"MONEY
AND THE MEANING OF LIFE”
A
Sermon by the Rev. Bruce Clear
Sunday, September 30,
2007
All Souls Unitarian
Church
Indianapolis, Indiana
Some
people suggest that Catholic priests, because they are single and celibate, are
not qualified to counsel couples about marriage. I’m not sure that is necessarily true, but it
certainly is a common observation. I thought
about that comment as I was preparing to deliver a sermon this morning on the
subject of money. If you're looking to
me for advice on money, I suggest there are far more qualified folk I could
recommend. For me to give financial
counsel is not unlike a priest counseling marriage: if I happen to give good advice, it isn’t
coming from personal experience.
My
experience with handling money is fairly slim.
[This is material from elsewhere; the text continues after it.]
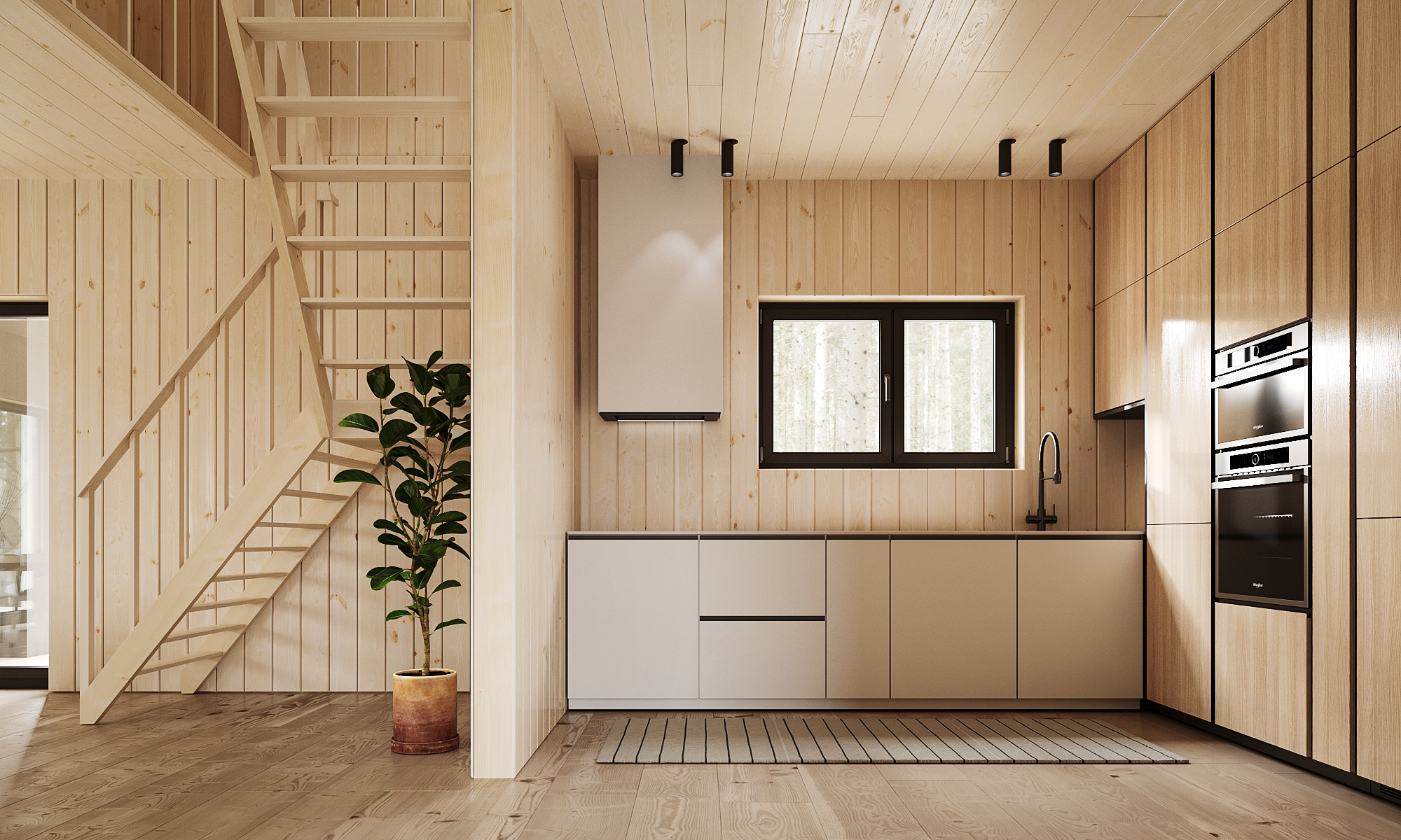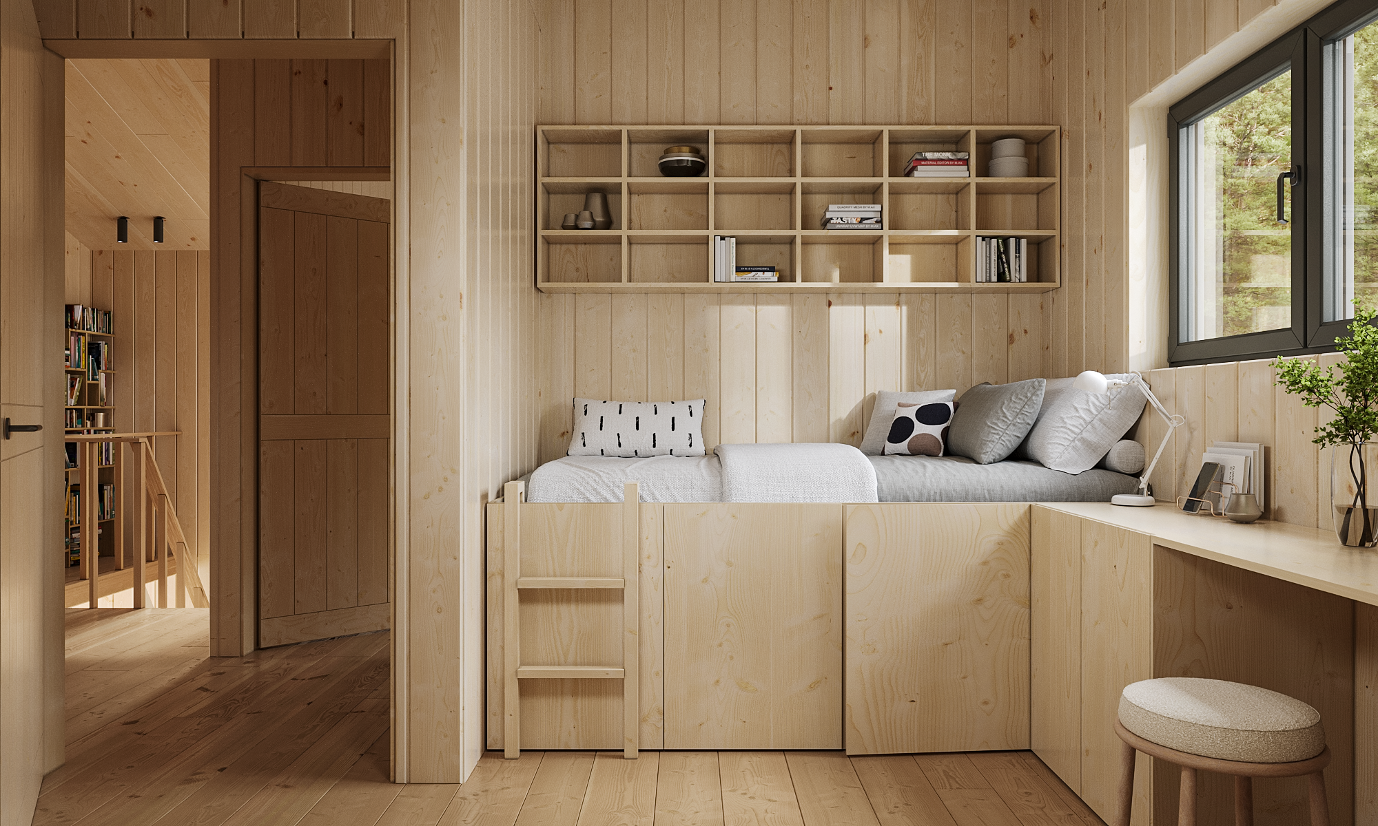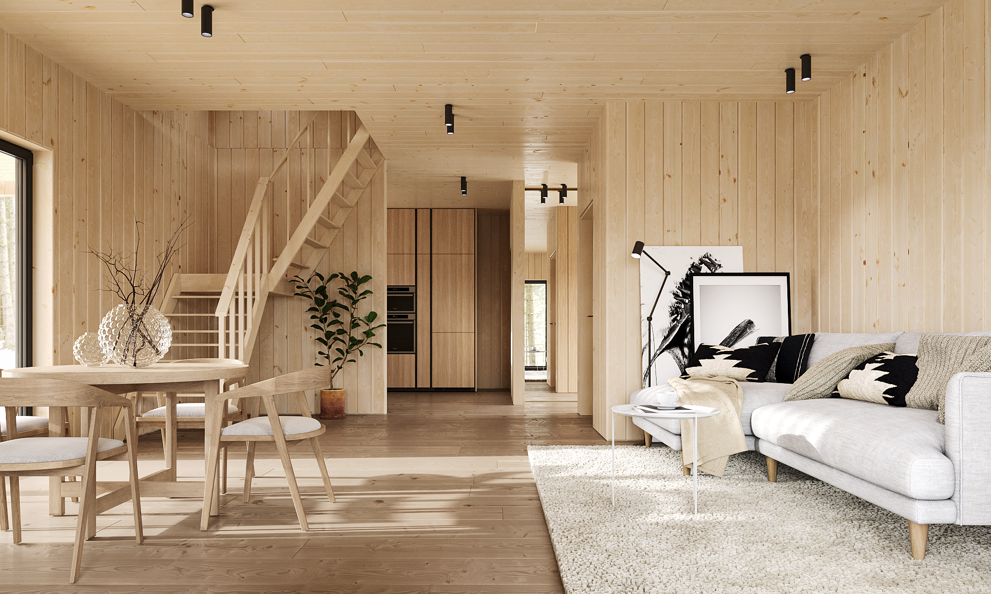 Dom powstaje z prefabrykowanych elementów, co zapewnia szybki montaż – z pełnym wykończeniem wnętrz nawet w 4–5 tygodni.

I have not dabbled in any stock or bond markets, and I don't know the
difference between a front loaded investment and a junk bond. I've never rolled high, or for that matter
ever rolled medium or low in markets of money.
The only wisdom I can dole out is the old saw, “buy low, sell
high!” Beyond that, I have no advice. In short, I am to financial advice what
celibate priests are to marital advice in the view of many.
It
should help for you to know, at this point, that I'm not going to give you
advice on how to make or spend your money.
I am going to philosophize, not give advice. Philosophizing is something I do know
about. Perhaps to a fault.
I have
stolen my title from a book published some years ago. It is called Money and the Meaning of Life, by Jacob Needleman. Needleman is a professor of philosophy and
comparative religion at San Francisco State University.
It is a
strange topic for a philosopher. Since
Needleman writes mostly on philosophy of religion, I have run into his writings
several times over the years, and it startled me when I first saw his subject
matter for that book. His premise is
that in our time money permeates all aspects of living, and if we want a good
idea of what life is about for modern Americans, we ought to know how money
influences our values.
Money
has come to be the most personal of topics.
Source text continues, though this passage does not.